Cambridge University Hospitals NHS Foundation Trust, Cambridge, United Kingdom.
Am Soc Clin Oncol Educ Book. 2024 Jun;44(3):e438654. doi: 10.1200/EDBK_438654.
Little more than 10 years ago, metastatic melanoma was considered to have one of the poorest cancer outcomes, associated with a median overall survival of 6-8 months. Cytotoxic chemotherapy offered modest response rates of 20%-30%, but no clear survival benefit. Patients were routinely enrolled in clinical trials as their first-line therapy in the search for effective novel therapeutics. Remarkable developments in molecular biology, cancer genomics, immunology, and drug discovery have dominated the early part of the 21st century, and nowhere have the benefits been better realized than in the transformation of outcomes for patients with metastatic melanoma: since 2011, 14 new agents have been approved that significantly increase survival, with long-term remissions and, possibly now, potential for cure. Even so, there is still much work to be done, given that most treated patients still die of their disease. Although most survival gains have so far been realized for cutaneous melanoma, improving treatment options for those 10% of patients with rarer, noncutaneous melanomas is a high priority. Key novel therapeutic approaches aimed at improving outcomes with potential for curing patients with melanoma are considered.

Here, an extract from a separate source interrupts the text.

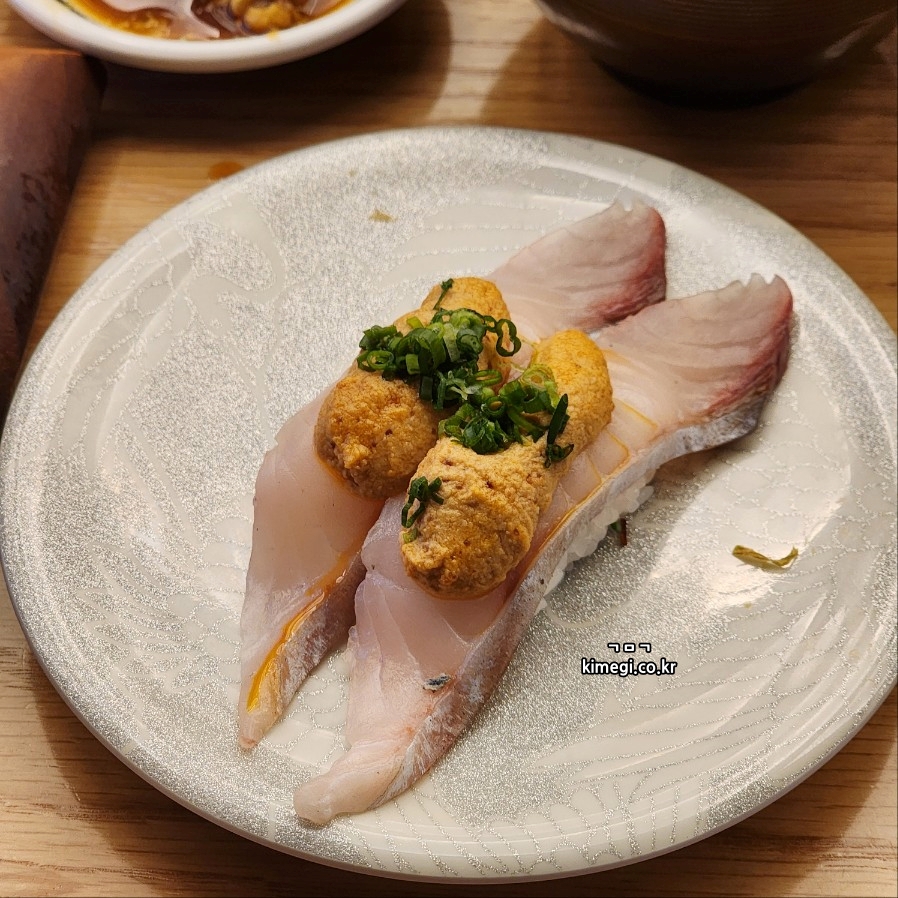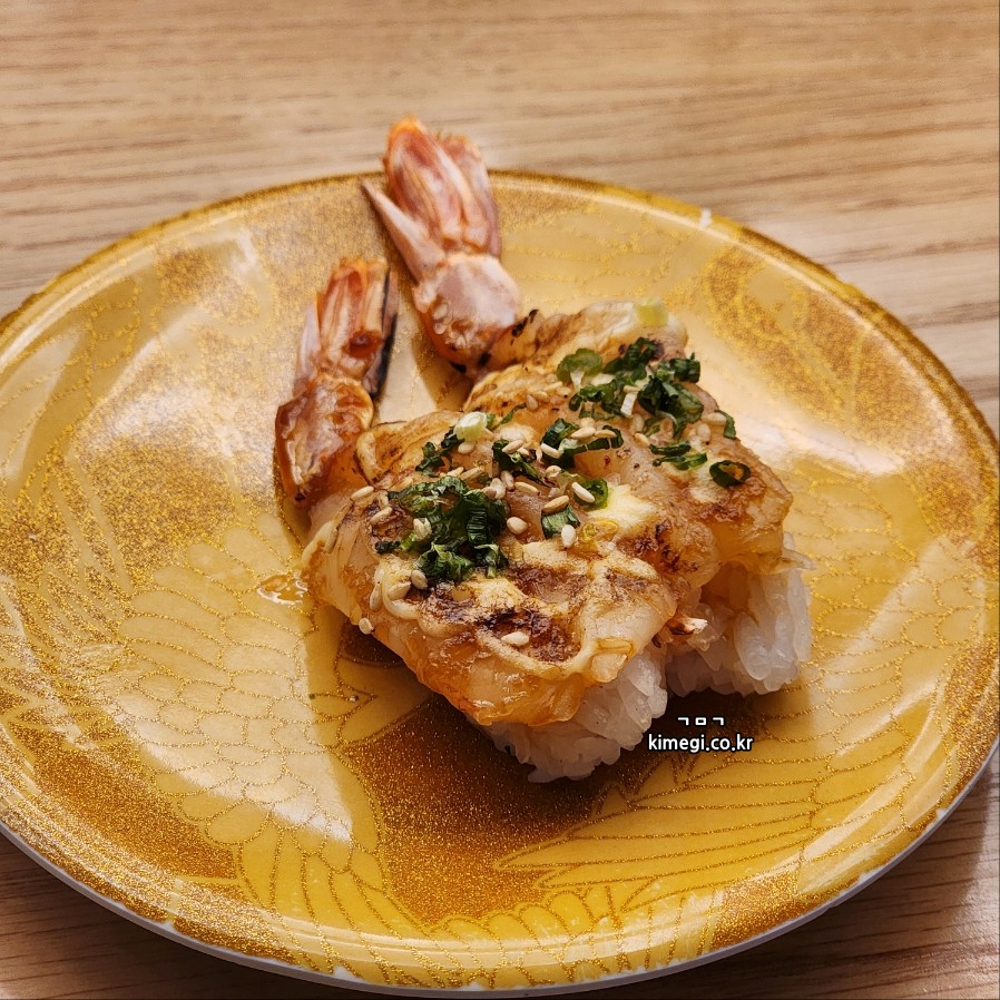 주문을 한 초밥은 동그란 접시가 아닌 네모난 접시에 나와요. 장어도 맛있었고 가리비 소금구이도 너무 맛있었어요. 회전 초밥집의 단점은 흡입하느라 맛을 잘 못느낀다는 점이에요. 그런데 그런게 좋아서 가는 것도 있어요.

仅仅 10 多年前,转移性黑色素瘤被认为是预后最差的癌症之一,中位总生存期为 6-8 个月。细胞毒性化疗的缓解率仅为 20%-30%,但无明显生存获益。由于迫切需要寻找有效的新型治疗药物,患者通常在临床试验中作为一线治疗方案入组。分子生物学、癌症基因组学、免疫学和药物发现方面的显著进展主导了 21 世纪的早期阶段,而转移性黑色素瘤患者的治疗效果得到了前所未有的改善:自 2011 年以来,已有 14 种新药物获得批准,这些药物显著提高了患者的生存率,带来了长期缓解,甚至现在可能有治愈的潜力。即便如此,鉴于大多数接受治疗的患者仍死于疾病,仍有许多工作要做。尽管迄今为止大多数生存获益都来自于皮肤黑色素瘤,但改善罕见的非皮肤黑色素瘤患者的治疗选择是当务之急。本文考虑了旨在改善黑色素瘤患者治疗效果并可能治愈患者的新型治疗方法。